Post 1: Fighting for Asylum Seekers and Migrants

I became interested in working for American Gateways after I spoke with an attorney who was presenting a Know Your Rights session to individuals from the undocumented community and allies. Growing up surrounded by those who are struggling with matters of documentation and citizenship status, I wanted to gather the tools and knowledge in helping my family and friends. I understood that the only way to do so was by educating myself on the issue of immigration and the laws that might be preventing my family from prospering in the United States. 

After expressing my desire to work alongside the staff and attorneys, immediately American Gateways welcomed me with open arms and allowed me to come on board as an intern. My first weeks on call where filled with both anger and frustration as I saw with my own two eyes the struggles that asylum seekers and migrants experience while crossing the border. I was lucky enough to be given a variety of tasks that approached our organization’s mission in a variety of ways. I was able to translate powerful personal statements, to visiting the detention center where migrant families are being separated and held under ICE custody. I was not ready for the overwhelming sensations that filled me the times I visited these centers. Seeing these families separated from their children and significant others made me realize how privileged my family’s immigrant experience was, in comparison to those who are currently under custody. Even though my feelings while at the center were mixed with anger and sadness, I was also able to have heartwarming conversations and even shared some laughs with these children and women. 
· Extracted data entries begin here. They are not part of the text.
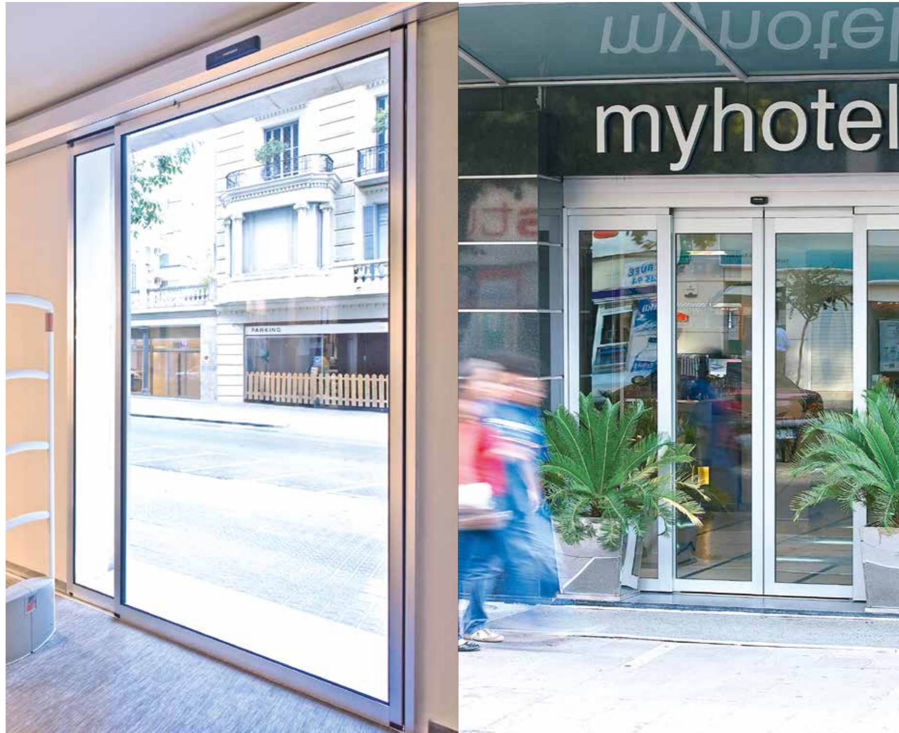
Single sliding door with framed leaf. Retail sector.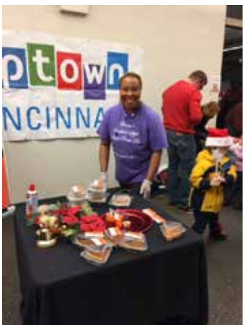
Bonita's Sweet Potato Pies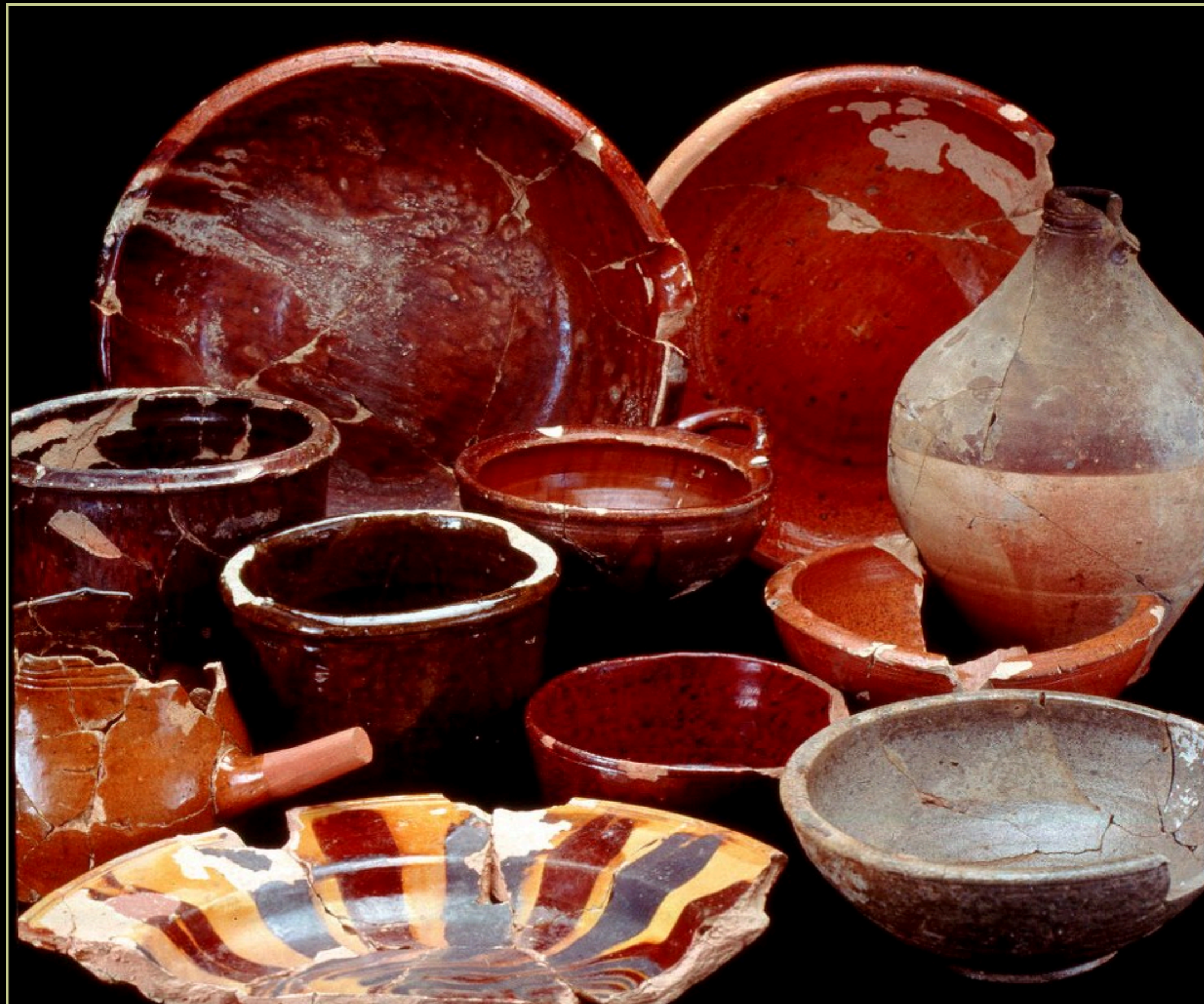
Wares of the Poor Potter of Yorktown, Virginia c. 1720 - 1745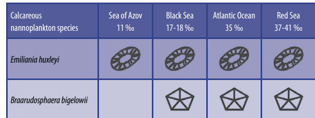
Fig. 2. Present-day distribution of the calcareous nannofloral taxa Emiliana huxleyi and Braarudosphaera bigelowii in various marine settings (after Melinte-Dobrinescu and Briceag, 2011; data from Bukry, 1974 and Giunta et al. , 2007).

the Red Sea, up to 41‰ (Fig. 2). Braarudosphaera bigelowii is also present at the very high salinity of the Red Sea, but not in the Sea of Azov; the minimum salinity where it could be found is around 17‰, in the Black Sea (Bukry, 1974; Giunta et al. , 2007).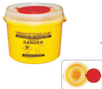
Model: DMS-R6 (Capacity: 6.0L)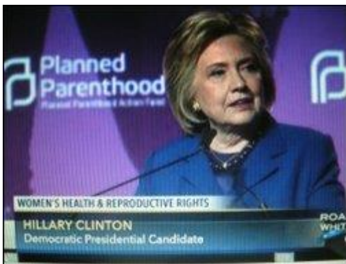
Hillary Clinton addressing PP

Chelsea Clinton may have topped all the expected hyperbole surrounding the possible overturning of Roe v Wade by the Brett Kavanaugh nomination, when she asserted Roe was good for the country. Legalizing the aborting of their children freed millions of women to get back into the work place, she said, and this poured 3 and ½ trillion dollars into the economy since it was handed down in 1973. The "free press" is according her commentary ample circulation. How absolutely callous of her to forget the over 60 million beating human hearts which have been intentionally stopped by Roe v Wade – legally.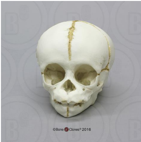
Fetal Chimpanzee skull

I expressed my interest of one day becoming an immigration lawyer, and American Gateways gave me the opportunity to attend court and experience first-hand the intensity of an asylum-seeking hearing, as well as the process an attorney takes in representing their case and clients. In comparison to the migrants who were at the detention centers, these individuals were filled with hope as they reached for freedom. This opportunity made me realize how much I enjoyed being present in the court, and the overwhelming sense of responsibility it brought me. The attorney who I was shadowing even allowed me to do “intake” and other important paperwork in getting the case set up. Thus, allowing me to see the “behind the scenes” work that lawyers are doing. 
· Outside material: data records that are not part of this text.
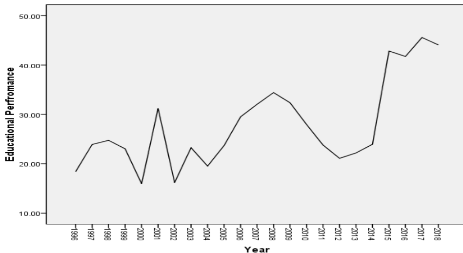
Figure 2 shows the line graph for educational performance. The line graph has been increasing from the year 1996 to 2018. In the period of 1996 to 2005, the performance is very low. After the end of armed conflict and advent of federal government, the result is comparatively higher for next three years up to 2008 and goes downwards up to 2012 and again turns upward. The line graph has inclined upwards at higher degree from the year 2015 that might be the criterion changed from scoring to grade point.

Lines Graph for Educational Performance across the Years from 1996-2018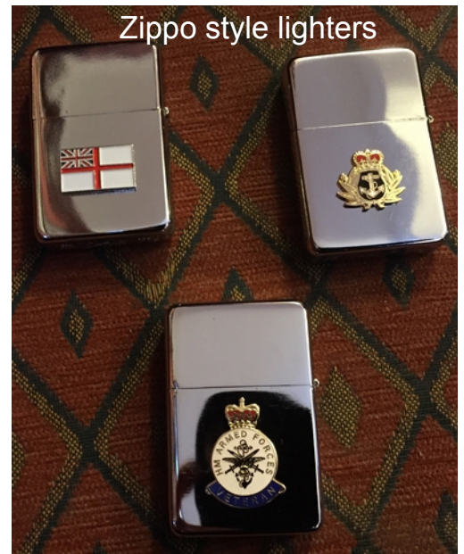
Zippo style lighters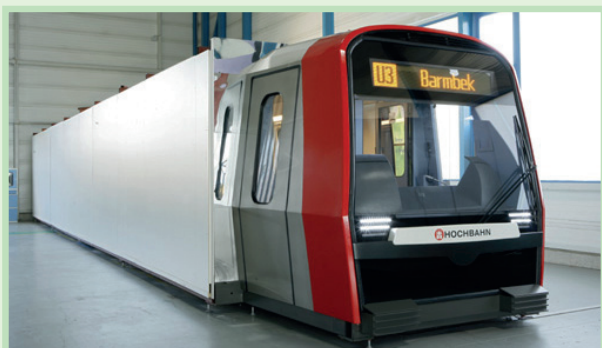
Mock-up of the next generation of Hamburg's metro cars

brushed stainless steel making its removal easier. The absence of a coating also means that the blank metallic surface does not undergo any colour changes due to UV-radiation. Repainting faded surfaces is a thing of the past.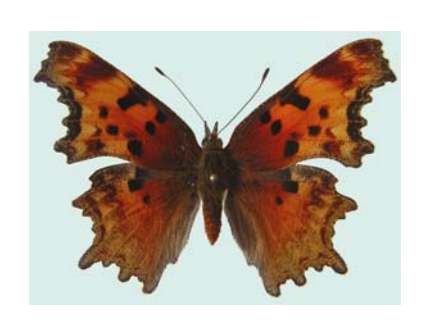
Satyr Comma (Polygonia satyrus Hoary Comma (Polygonia gracilis zephyrus ) Can be found in mountain canyons from spring until June. A fresh generation appears from high elevation during August and September.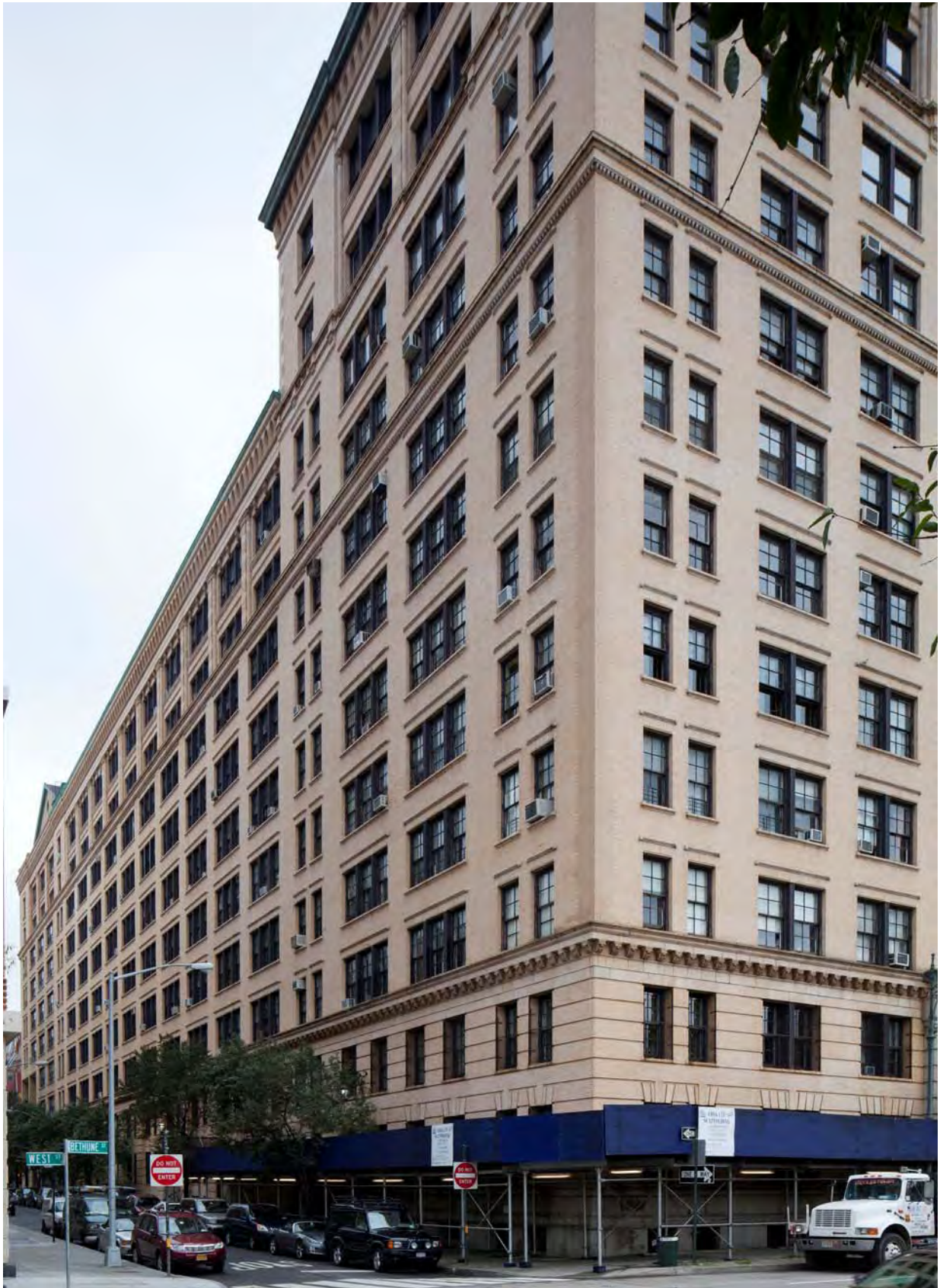
Bell Telephone Laboratories Complex (former Western Electric Company Building) (now Westbeth Artists' Housing), Sections D and C

Currently, my city of San Antonio has been a destination point for many migrants and asylum seekers because we are close to the many detention centers and the national border. San Antonio receives about 200-300 individuals on the daily,  who are in desperate need of flight tickets to their final destination, meals, clothing, shelter, and even medical assistance. Which is my the City of San Antonio set up a center where we are providing the aid these individuals need American Gateways saw this as an opportunity to provide these migrants with an overview of their rights and important court hearing and ICE dates. After much consideration, the staff placed me as the one responsible to recruit and train individuals in order to go help out in the center. I enjoy this project because I have complete autonomy of my tasks and responsibilities. At times, I am the only one making sure that all 200 individuals receive training of their rights. Beyond this, I am able to come face-to-face with the people I’m helping, instead of looking through a screen or doing paperwork. All while having the ability to occasionally help these people out with meals or any other service they might need.  

My time at American Gateways has been a mixture of feelings. At times, I notice myself becoming tired and stressed, but I remind myself to take a moment and step back. I am only one person who can do so much. I remind myself that even if I am just meeting with one person, I am still changing their life for the better. And that’s what keeps me going every day.